When you request highlights, the response contains an additional highlight element for each search hit that includes the highlighted fields and the highlighted fragments.

§Offsets Strategy

To create meaningful search snippets from the terms being queried, the highlighter needs to know the start and end character offsets of each word in the original text. These offsets can be obtained from:

  • The postings list. If index_options is set to offsets in the mapping, the unified highlighter uses this information to highlight documents without re-analyzing the text. It re-runs the original query directly on the postings and extracts the matching offsets from the index, limiting the collection to the highlighted documents. This is important if you have large fields because it doesn’t require reanalyzing the text to be highlighted. It also requires less disk space than using term_vectors.
  • Term vectors. If term_vector information is provided by setting term_vector to with_positions_offsets in the mapping, the unified highlighter automatically uses the term_vector to highlight the field. It’s fast especially for large fields (> 1MB) and for highlighting multi-term queries like prefix or wildcard because it can access the dictionary of terms for each document. The fvh highlighter always uses term vectors.
  • Plain highlighting. This mode is used by the unified when there is no other alternative. It creates a tiny in-memory index and re-runs the original query criteria through Lucene’s query execution planner to get access to low-level match information on the current document. This is repeated for every field and every document that needs highlighting. The plain highlighter always uses plain highlighting.

Warning
Plain highlighting for large texts may require substantial amount of time and memory. To protect against this, the maximum number of text characters that will be analyzed has been limited to 1000000. This default limit can be changed for a particular index with the index setting index.highlight.max_analyzed_offset.

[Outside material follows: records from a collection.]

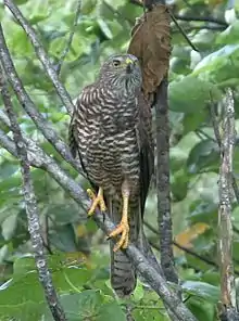 The taxon was described in 1889 by Lister as a full species, Accipiter natalis. Since then there has been debate as to whether its affinities lie with the brown goshawk or the grey goshawk (A. novaehollandiae). In the 2004 national recovery plan for the taxon it is treated as a subspecies of the brown goshawk, though the possibility has been raised of elevating it to the species level again.[1] Christidis and Boles (2008) treat it as a subspecies of the variable goshawk (A. hiogaster).[2] Here it is treated as a subspecies of the brown goshawk pending further study of its genome.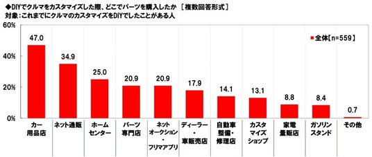- DIYでクルマをカスタマイズしたときのパーツの購入場所 1位「カー用品店」 2位「ネット通販」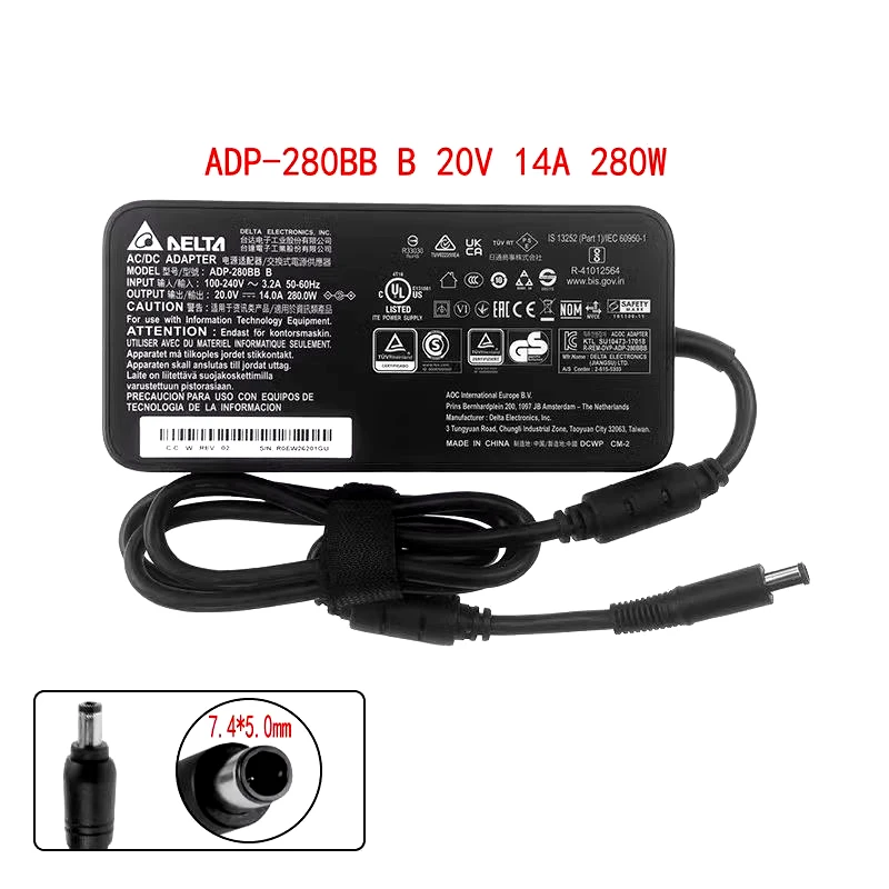 Original Delta ADP-280BB B 280W 20V 14A 7.4*5.0mm AC/DC Adapter OEM Charger for MSI GE75 Raider 9SG/RTX2080 Series Power Supply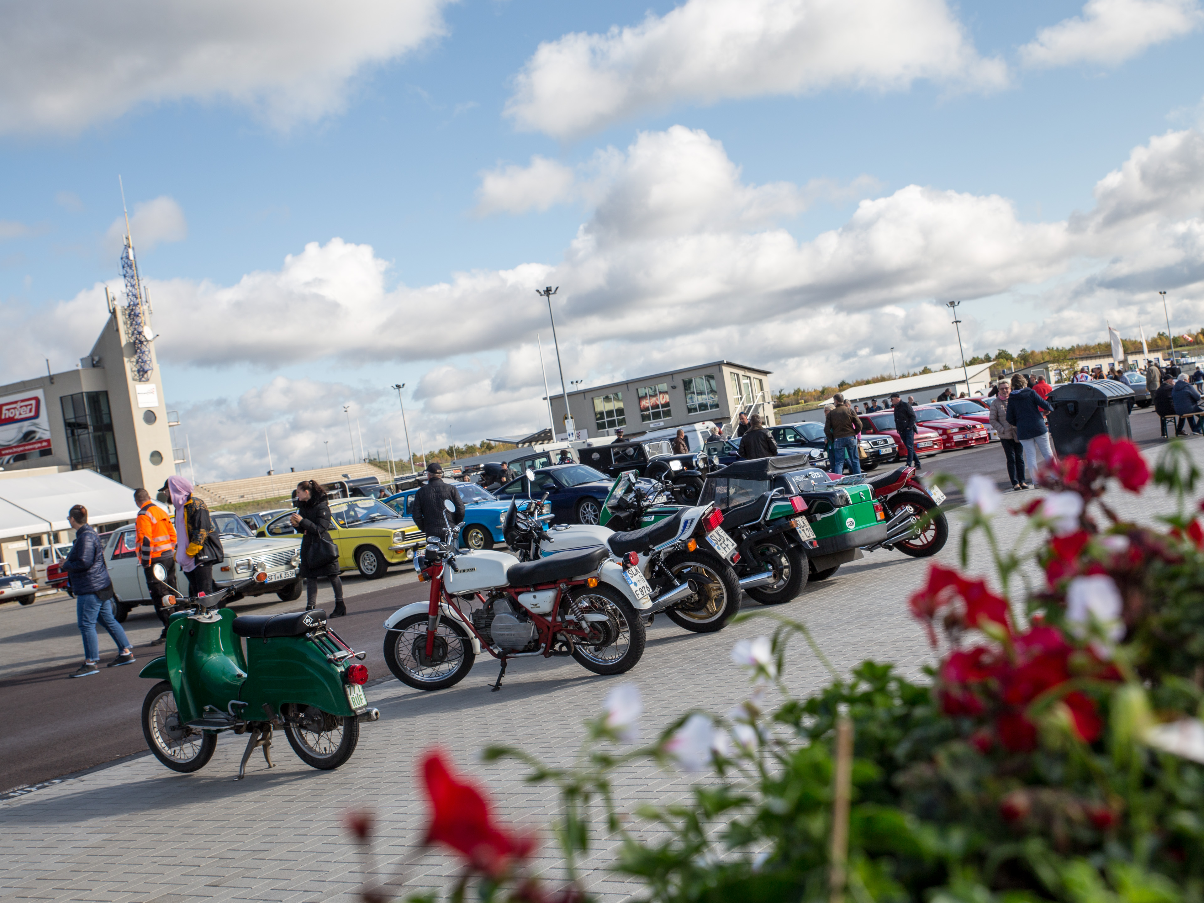 Das Oldtimertreiben wurde auf der Rennstrecke ergänzt vom Saisonabschluss-Motorradtraining der hauseigenen Racing Academy. Neben den Trainingsteilnehmern reihten sich im Fahrerlager des Rennstreckengeländes die zahlreich erschienenen klassischen Fahrzeuge einschließlich Traktoren und LKWs ein. Auch ein kurzer Schauer tat bei größtenteils besten Bedingungen der Begeisterung der Besucher um das zweite Herbstglühen keinen Abbruch.

https://www.elastic.co/guide/en/elasticsearch/reference/current/highlighting.html

Structs§

DefaultHighlighter
Highlighting settings can be set on a global level and overridden at the field level
FastVectorHighlighter
The fvh highlighter uses the Lucene Fast Vector highlighter. This highlighter can be used on fields with term_vector set to with_positions_offsets in the mapping. The fast vector highlighter:
Highlight
Highlight structure
MatchedFields
Reexports Matched fields logic with type conversions
PlainHighlighter
The plain highlighter uses the standard Lucene highlighter. It attempts to reflect the query matching logic in terms of understanding word importance and any word positioning criteria in phrase queries.
PrePostTags
Contains pre_tags and post_tags highlighting values
UnifiedHighlighter
The unified highlighter uses the Lucene Unified Highlighter. This highlighter breaks the text into sentences and uses the BM25 algorithm to score individual sentences as if they were documents in the corpus. It also supports accurate phrase and multi-term (fuzzy, prefix, regex) highlighting. This is the default highlighter.

Enums§

Encoder
Indicates if the snippet should be HTML encoded.
Fragmenter
Specifies how text should be broken up in highlight snippets.
FvhBoundaryScanner
Specifies how to break the highlighted fragments. Defaults to sentence.
Highlighter
Highlighter settings
Order
Sorts highlighted fragments by score when set to score. By default, fragments will be output in the order they appear in the field (order: none). Setting this option to score will output the most relevant fragments first. Each highlighter applies its own logic to compute relevancy scores. See the document How highlighters work internally for more details how different highlighters find the best fragments.
Tags
Set to styled to use the built-in tag schema or use custom tags
UnifiedBoundaryScanner
Specifies how to break the highlighted fragments. Defaults to sentence.